As if there was a race condition or something in the time/parse loop (more or less like here, except I can 100% reproduce this with my ardusimple). Is it really that hard to implement a LIFO/mailbox queue?

mirh commented

Aaaand I got how to reproduce this everywhere (well, with a simpleRTK2B and their Rover 10Hz configuration at least).
Set up AOG like normal, then open task manager to force AgIO.exe affinity to only one thread.

Just three would be already enough to show a noticeable difference between the 5.1.5 version and the newer ones on my i5-10300H workstation. But with just one thread it's exponentially worse.
Like, 20 to 50 times worse... with framerate better measured in "seconds per frame".

Then, yes I also found out a sleek workaround is disabling GLL, GSA and GSV because at the end of the day only GGA is strictly necessary. But really? I'm not sure I can underline how much it's crazy that a program can choke while only harnessing 3% of the power available.

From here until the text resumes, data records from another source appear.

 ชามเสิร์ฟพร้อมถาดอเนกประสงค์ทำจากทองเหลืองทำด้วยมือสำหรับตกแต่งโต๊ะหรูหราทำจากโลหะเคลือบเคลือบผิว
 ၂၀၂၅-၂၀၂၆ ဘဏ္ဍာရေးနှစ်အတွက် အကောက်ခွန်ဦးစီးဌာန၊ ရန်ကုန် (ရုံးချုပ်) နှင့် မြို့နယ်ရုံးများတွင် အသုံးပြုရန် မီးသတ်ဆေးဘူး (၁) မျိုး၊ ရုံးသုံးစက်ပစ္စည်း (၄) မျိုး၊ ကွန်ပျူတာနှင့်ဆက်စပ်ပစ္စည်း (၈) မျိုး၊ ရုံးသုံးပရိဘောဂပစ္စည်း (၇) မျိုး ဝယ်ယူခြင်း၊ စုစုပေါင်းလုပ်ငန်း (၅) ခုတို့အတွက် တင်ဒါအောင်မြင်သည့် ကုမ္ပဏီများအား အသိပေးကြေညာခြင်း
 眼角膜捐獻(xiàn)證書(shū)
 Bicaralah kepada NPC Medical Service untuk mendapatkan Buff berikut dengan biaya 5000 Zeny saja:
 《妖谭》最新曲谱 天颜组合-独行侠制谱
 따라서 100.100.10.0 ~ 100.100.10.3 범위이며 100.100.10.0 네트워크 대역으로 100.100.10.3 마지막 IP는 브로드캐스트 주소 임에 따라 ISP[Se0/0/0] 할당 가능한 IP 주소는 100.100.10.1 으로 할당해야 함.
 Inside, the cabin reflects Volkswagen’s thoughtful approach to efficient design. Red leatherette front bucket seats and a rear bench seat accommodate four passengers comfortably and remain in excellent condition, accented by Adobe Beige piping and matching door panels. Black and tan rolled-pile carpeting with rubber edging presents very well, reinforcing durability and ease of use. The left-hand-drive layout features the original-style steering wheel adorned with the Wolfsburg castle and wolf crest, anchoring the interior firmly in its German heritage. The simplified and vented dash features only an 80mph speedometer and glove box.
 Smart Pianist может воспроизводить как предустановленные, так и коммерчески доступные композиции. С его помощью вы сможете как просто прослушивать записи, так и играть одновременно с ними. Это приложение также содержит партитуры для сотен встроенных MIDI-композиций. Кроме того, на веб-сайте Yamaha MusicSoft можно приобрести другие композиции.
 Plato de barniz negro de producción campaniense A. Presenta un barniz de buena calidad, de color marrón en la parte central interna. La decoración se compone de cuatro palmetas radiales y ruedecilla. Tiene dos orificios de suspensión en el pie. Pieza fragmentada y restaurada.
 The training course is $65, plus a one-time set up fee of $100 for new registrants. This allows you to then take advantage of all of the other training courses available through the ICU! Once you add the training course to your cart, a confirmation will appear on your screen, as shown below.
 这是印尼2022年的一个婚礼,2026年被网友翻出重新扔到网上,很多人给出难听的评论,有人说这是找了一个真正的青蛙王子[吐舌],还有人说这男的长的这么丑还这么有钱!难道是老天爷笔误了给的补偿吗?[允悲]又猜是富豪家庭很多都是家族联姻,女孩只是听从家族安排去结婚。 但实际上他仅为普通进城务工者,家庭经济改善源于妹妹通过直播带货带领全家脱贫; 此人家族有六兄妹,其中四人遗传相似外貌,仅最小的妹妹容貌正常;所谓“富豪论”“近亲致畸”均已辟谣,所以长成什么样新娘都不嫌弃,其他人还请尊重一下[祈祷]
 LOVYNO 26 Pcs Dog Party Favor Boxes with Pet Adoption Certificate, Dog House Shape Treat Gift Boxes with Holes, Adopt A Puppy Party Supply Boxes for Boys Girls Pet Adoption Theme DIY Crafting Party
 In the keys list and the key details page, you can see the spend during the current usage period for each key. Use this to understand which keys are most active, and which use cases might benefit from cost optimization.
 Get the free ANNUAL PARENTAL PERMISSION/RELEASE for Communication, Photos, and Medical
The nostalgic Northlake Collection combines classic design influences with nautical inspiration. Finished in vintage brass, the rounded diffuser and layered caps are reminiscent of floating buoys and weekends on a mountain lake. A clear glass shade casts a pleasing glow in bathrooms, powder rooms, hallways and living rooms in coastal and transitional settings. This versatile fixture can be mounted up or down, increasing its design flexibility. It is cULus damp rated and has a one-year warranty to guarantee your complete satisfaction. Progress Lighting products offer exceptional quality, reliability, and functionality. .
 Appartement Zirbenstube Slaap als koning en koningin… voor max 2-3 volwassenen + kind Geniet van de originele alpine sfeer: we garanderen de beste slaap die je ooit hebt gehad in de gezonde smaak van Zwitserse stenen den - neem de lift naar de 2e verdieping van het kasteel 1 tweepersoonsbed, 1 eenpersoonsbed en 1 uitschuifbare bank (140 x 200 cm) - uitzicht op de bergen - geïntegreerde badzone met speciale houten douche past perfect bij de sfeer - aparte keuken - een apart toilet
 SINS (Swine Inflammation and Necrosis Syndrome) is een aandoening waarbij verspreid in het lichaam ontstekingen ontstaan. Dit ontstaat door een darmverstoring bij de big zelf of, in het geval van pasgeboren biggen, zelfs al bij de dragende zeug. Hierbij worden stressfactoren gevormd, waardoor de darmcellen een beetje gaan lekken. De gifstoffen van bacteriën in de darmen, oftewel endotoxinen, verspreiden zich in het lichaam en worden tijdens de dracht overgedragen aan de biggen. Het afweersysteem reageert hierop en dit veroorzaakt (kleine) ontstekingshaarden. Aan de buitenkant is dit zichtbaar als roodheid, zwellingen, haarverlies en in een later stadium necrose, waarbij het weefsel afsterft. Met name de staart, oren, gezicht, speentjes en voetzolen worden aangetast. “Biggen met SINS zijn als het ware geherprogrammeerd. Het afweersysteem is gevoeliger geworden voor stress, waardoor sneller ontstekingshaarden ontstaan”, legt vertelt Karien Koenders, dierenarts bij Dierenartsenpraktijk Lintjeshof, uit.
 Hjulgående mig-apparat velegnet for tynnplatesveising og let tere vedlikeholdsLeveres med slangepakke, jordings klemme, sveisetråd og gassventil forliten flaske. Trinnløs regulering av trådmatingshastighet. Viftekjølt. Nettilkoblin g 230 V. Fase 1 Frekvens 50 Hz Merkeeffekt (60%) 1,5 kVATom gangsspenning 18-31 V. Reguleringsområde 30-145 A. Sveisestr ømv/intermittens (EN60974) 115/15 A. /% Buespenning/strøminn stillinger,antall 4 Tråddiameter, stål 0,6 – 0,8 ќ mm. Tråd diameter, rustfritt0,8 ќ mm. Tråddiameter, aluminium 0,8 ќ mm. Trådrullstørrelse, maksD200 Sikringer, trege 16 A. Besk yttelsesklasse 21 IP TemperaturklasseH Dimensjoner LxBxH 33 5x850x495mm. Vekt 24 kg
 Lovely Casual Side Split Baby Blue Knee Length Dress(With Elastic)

So.. you have to do something “weird” in windows to force a program to one threat to let the program run very poor?

We measured the time between a message coming in at AgIO and pushed to AOG, on a regular laptop, no big specs.. it did it in less then 1ms.. so I think the problem isn’t AgIO. The 10FPS you mentioned is 10HZ gps update?

mirh commented

So.. you have to do something “weird” in windows to force a program to one threat to let the program run very poor?

To simulate the weird behaviour that I'm seeing on my Cherry Trail tablet on a much beefier system, I have to do that. Yes.
I know it sounds stupid, but I'd like to underline again that this is not about having too little horsepower (even though the factor may be slightly related).

When I get lag in the aforementioned scenarios, CPU usage (of even that single one core) is super low.

The 10FPS you mentioned is 10HZ gps update?

Yes. I measure framerate with MSI afterburner, so that even when I'm stationary I can tell without a doubt when a new frame is painted.

mirh commented

This is not completed at all..
I just tested 5.7 on a 9600k set to two threads, and I can barely do 4fps.
With just one, sometimes it has such low dips that AOG thinks signal is not even there.

And again to reiterate: nothing in my computer is under any significant load.

mirh commented

After a hour of bisecting I finally found the culprit
c4129a6#diff-f6be31d3628f90798babe6156ea2a4f24aec1b2c6ac18bd2f19dbd49a6cb60d7

It's just enough to remove these two lines, and for whatever the reason the problem is solved.

rawBuffer = "";
return;